Records supplied →
======
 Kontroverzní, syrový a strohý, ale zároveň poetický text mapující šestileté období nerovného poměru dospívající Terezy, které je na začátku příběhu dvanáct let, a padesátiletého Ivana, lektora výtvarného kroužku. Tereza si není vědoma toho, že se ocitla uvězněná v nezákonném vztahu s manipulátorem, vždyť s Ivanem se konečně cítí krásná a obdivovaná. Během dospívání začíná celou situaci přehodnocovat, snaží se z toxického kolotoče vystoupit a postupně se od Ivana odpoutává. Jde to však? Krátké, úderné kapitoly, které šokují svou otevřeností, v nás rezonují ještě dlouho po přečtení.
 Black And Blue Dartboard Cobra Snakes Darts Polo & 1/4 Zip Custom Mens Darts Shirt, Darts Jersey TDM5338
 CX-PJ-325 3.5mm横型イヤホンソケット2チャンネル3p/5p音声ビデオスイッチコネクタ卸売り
======
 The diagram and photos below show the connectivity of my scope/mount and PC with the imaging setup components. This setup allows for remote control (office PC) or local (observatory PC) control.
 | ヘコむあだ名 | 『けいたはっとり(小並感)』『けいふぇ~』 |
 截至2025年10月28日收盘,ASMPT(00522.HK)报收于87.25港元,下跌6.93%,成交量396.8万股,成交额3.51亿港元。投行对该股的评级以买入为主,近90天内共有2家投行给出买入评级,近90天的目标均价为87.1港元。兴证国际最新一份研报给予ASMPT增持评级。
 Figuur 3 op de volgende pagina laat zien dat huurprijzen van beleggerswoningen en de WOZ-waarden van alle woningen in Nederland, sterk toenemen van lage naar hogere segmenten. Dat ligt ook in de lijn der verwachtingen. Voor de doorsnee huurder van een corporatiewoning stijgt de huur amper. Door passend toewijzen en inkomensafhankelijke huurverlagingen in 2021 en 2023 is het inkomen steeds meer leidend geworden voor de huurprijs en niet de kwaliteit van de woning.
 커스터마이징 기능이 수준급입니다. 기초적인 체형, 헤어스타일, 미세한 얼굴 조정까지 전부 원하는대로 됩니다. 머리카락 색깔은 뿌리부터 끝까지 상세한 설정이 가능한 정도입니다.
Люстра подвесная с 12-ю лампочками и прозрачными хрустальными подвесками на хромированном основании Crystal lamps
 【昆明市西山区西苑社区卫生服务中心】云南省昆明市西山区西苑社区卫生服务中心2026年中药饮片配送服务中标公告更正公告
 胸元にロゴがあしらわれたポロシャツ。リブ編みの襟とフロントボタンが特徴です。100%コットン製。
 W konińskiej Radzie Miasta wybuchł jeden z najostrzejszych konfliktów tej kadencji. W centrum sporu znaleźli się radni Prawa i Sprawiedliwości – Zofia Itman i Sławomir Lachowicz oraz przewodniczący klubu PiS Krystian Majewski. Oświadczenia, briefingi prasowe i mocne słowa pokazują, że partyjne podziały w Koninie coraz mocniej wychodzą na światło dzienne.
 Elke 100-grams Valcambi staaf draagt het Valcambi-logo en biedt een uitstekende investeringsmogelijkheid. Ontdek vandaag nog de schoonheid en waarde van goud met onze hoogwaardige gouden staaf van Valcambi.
======
Work to complete → Taking the records above, retype every line from the one with "截至2025年10月28日收" down to the one with "胸元にロゴがあしらわれたポロ", exactly and with nothing else.

Written response →
 截至2025年10月28日收盘,ASMPT(00522.HK)报收于87.25港元,下跌6.93%,成交量396.8万股,成交额3.51亿港元。投行对该股的评级以买入为主,近90天内共有2家投行给出买入评级,近90天的目标均价为87.1港元。兴证国际最新一份研报给予ASMPT增持评级。
 Figuur 3 op de volgende pagina laat zien dat huurprijzen van beleggerswoningen en de WOZ-waarden van alle woningen in Nederland, sterk toenemen van lage naar hogere segmenten. Dat ligt ook in de lijn der verwachtingen. Voor de doorsnee huurder van een corporatiewoning stijgt de huur amper. Door passend toewijzen en inkomensafhankelijke huurverlagingen in 2021 en 2023 is het inkomen steeds meer leidend geworden voor de huurprijs en niet de kwaliteit van de woning.
 커스터마이징 기능이 수준급입니다. 기초적인 체형, 헤어스타일, 미세한 얼굴 조정까지 전부 원하는대로 됩니다. 머리카락 색깔은 뿌리부터 끝까지 상세한 설정이 가능한 정도입니다.
Люстра подвесная с 12-ю лампочками и прозрачными хрустальными подвесками на хромированном основании Crystal lamps
 【昆明市西山区西苑社区卫生服务中心】云南省昆明市西山区西苑社区卫生服务中心2026年中药饮片配送服务中标公告更正公告
 胸元にロゴがあしらわれたポロシャツ。リブ編みの襟とフロントボタンが特徴です。100%コットン製。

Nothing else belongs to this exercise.